Study results for two new RA therapies developed by Amgen are promising.


Updated October 13, 2011

This article is part of the Arthritis Archives.

Editor note: Kineret (anakinra) was approved by the United States Food and Drug Administration (FDA) on November 14, 2001.

According to AmgenTrials.com, the clinical trial, Evaluating the Safety of Extended Treatment with Pegsunercept (PEG sTNF-RI)in Subjects with Rheumatoid Arthritis (RA), has been completed.

Dateline: June 18, 2001

Biologic Drug Development

The development of biologic drugs has been a significant advancement in the treatment of rheumatoid arthritis (RA).
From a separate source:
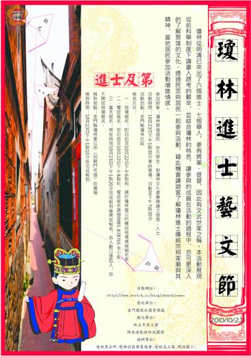 「2010瓊林進士藝文節」即將在本周六(十月二十三日)下午於瓊林舉辦;歡迎地方人士、學生或遊客報名參加,名額為六十人。 根據承辦單位中原大學駐金團隊的說明,「2010瓊林進士藝文節」的報名方式如下: 十月二十二日下午六時前於瓊林里公所現場填寫報名表。二、十月二十二日下午八時以前,用電話報名-撥0985-878765洽毛小姐。三、現場報名:於十月二十三日下午一時三十分在瓊林戰鬥坑道前廣場現場,但若人數已滿,則不接受現場報名。 「2010瓊林進士藝文節」將於十月二十三日下午一時三十分在瓊林怡穀堂前開幕,活動的目的是希望參與者從闖關過程中,體認科舉制度下,讀書人進京趕考的艱辛,並結合瓊林的特色,體驗聚落文化。開瑄國小的社區技藝學苑成果發表會也會在瓊林進行。活動詳情可上網查詢;網址為http://www.wretch.cc/blog/aboutkinmen。 「2010瓊林進士藝文節」是由金門國家公園管理處委託辦理,由中原大學陳其澎教授駐地團隊承辦。活動內容包含常民信仰解說、「尋遍家院、暗中尋覓難關體驗」、「科舉考試」及「墨繪飛揚」創意作品等。陳其澎教授還將為大家解說瓊林心靈防衛系統厭勝物與瓊林傳統閩式建築之美。

Enbrel (etanercept) and Remicade (infliximab) were the first of these breakthrough drugs made available in 1998 and 1999, respectively. The good news for rheumatoid arthritis patients is that there are more biologic drugs on the horizon.

Anakinra / Kineret

At EULAR 2001, (the Annual European Congress of Rheumatology in Prague, Czech Republic, June 13-16, 2001) study results were presented for a highly anticipated new therapy for RA being developed by Amgen, called anakinra (Kineret). Whereas Enbrel and Remicade work by blocking tumor necrosis factor (TNF), Anakinra works by blocking interleukin 1 (IL-1), yet another protein in the body which releases enzymes involved in joint and cartilage destruction.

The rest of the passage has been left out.